### Your instructions:
Produce a word-for-word copy of the lines from the one that contains "В пункте пропуска" to the final line of the data below, with all pictures dropped.

### Collected material:
-.-.-

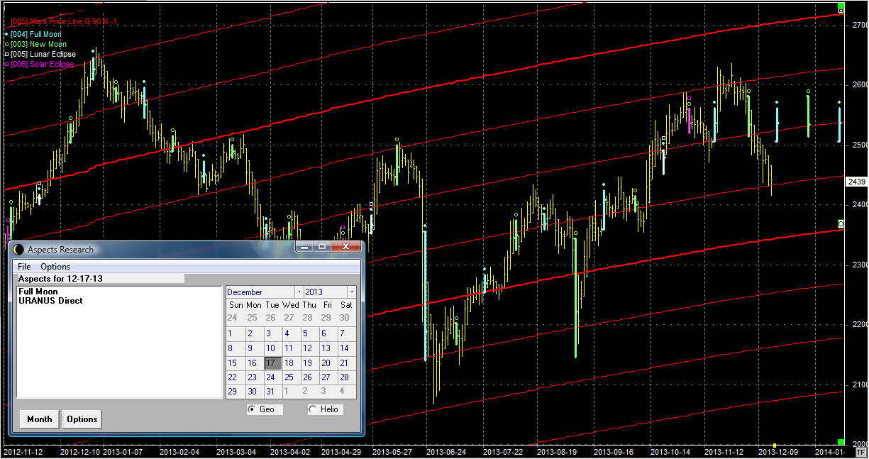 Na wykresie z liniami Marsa przełamanie wsparcia na poziomie 2520 pkt skutkowało szybkim zjazdem o 100 pkt niżej. Obecnie jesteśmy znowu na wsparciu, tyle że niższym. Niestety mleko się rozlało i sekwencja coraz wyższych dołków została zaburzona. Trend został więc złamany, a to może skutkować pogłębieniem spadków w dłuższym terminie. Na razie jednak rynek jest dość solidnie wyprzedany, więc ze wsparcia powinno zostać wyprowadzone odbicie wzrostowe. Niestety, moim zdaniem, tylko odbicie z zasięgiem w okolicach linii Marsa na 2520 pkt, która jest teraz oporem. Nim tam dojdziemy będzie najprawdopodobniej 10 pkt wyżej, gdyż się unosi. Niższe odbicie po takim spadku trzeba będzie uznać za wyjątkową słabość rynku. We wtorek mamy pełnię. Bardzo dobry moment na uklepanie dna i zmianę kierunku.
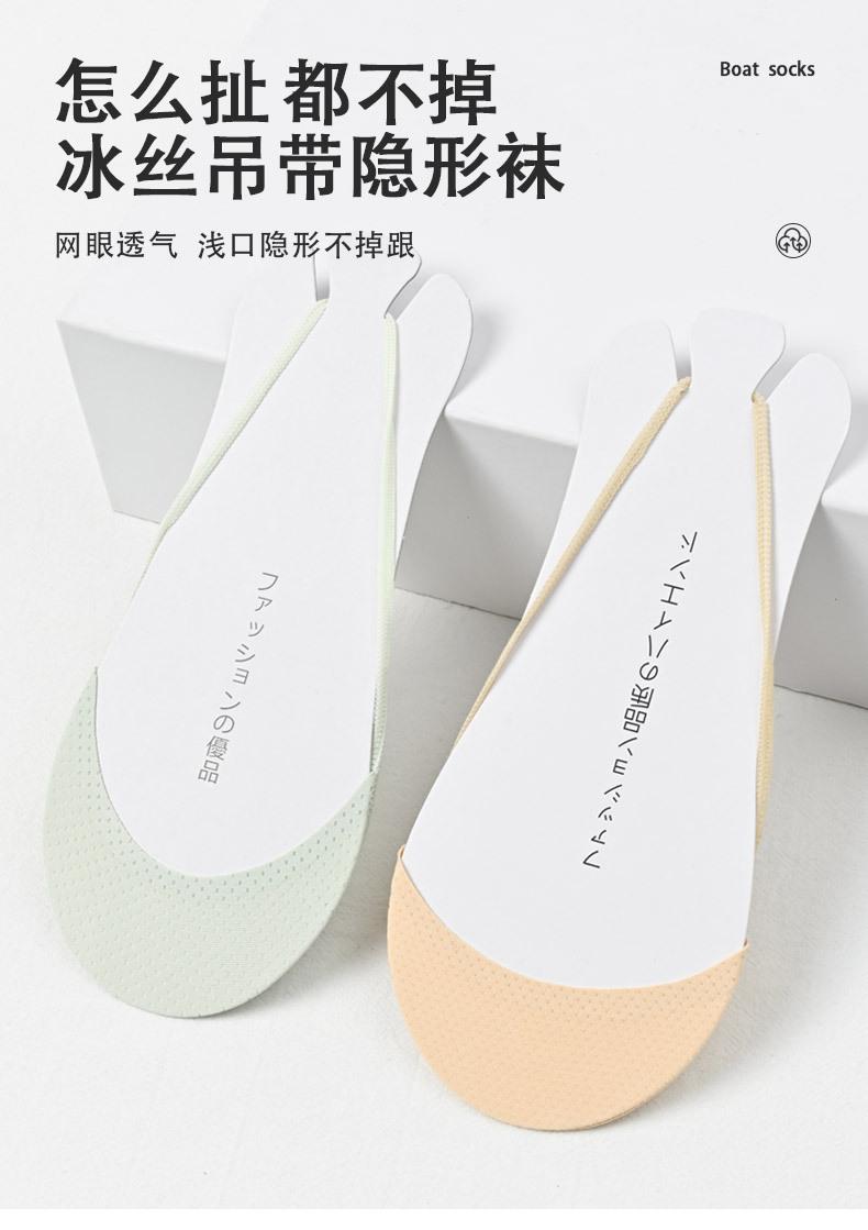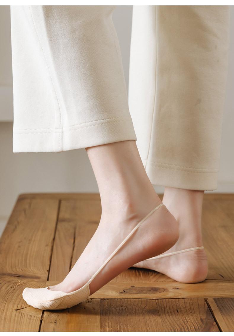 Calcetines de seda de hielo de verano para mujer, de boca poco profunda, finos, con media palma y almohadilla de algodón, con tiras y tacones altos.
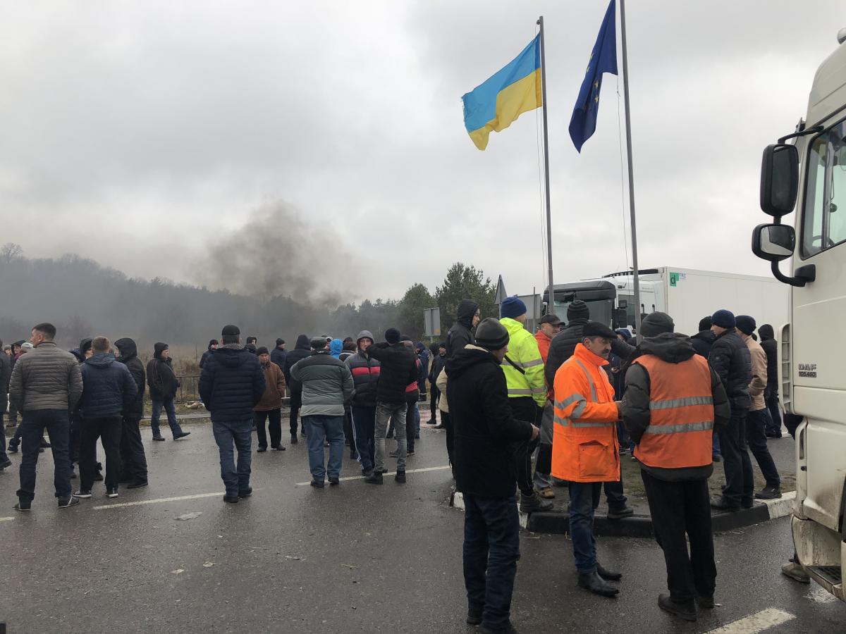 В пункте пропуска Рака-Русская дальнобойщики ответили протестом на протест - перекрыли путь к границе "евробляхерам".
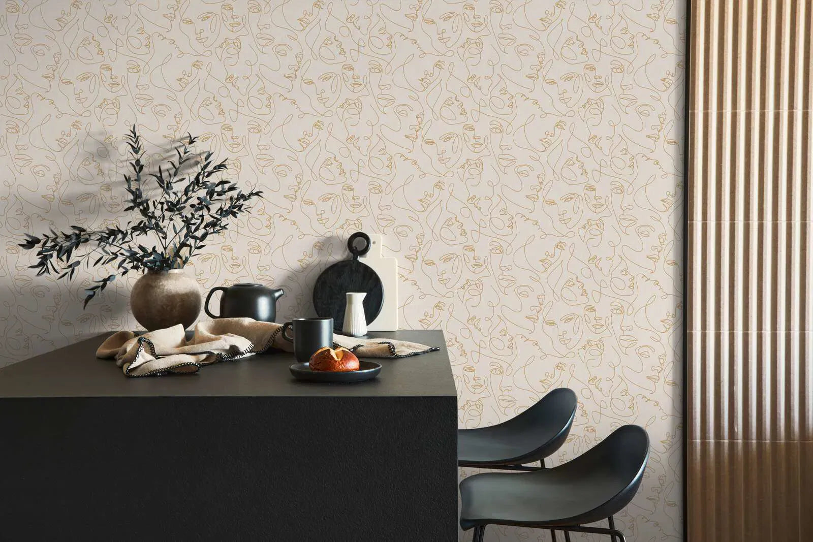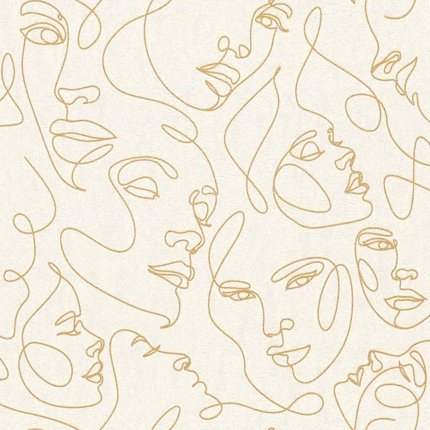 На матовом кремовом фоне текут, казалось бы, бесконечные линии и петли. Линии образуют абстрактные, минималистичные лица с неявными глазами, носами и губами – как будто они нарисованы одним непрерывным движением. Стиль напоминает современное искусство линий и создает художественную, современную эстетическую атмосферу. Теплый золотой цвет создает нежные, роскошные акценты, не навязываясь. Общий вид воздушный, минималистичный и элегантный, создавая ощущение легкости и сдержанной утонченности.

-.-.-

### Answer to this task:
 В пункте пропуска Рака-Русская дальнобойщики ответили протестом на протест - перекрыли путь к границе "евробляхерам".
 На матовом кремовом фоне текут, казалось бы, бесконечные линии и петли. Линии образуют абстрактные, минималистичные лица с неявными глазами, носами и губами – как будто они нарисованы одним непрерывным движением. Стиль напоминает современное искусство линий и создает художественную, современную эстетическую атмосферу. Теплый золотой цвет создает нежные, роскошные акценты, не навязываясь. Общий вид воздушный, минималистичный и элегантный, создавая ощущение легкости и сдержанной утонченности.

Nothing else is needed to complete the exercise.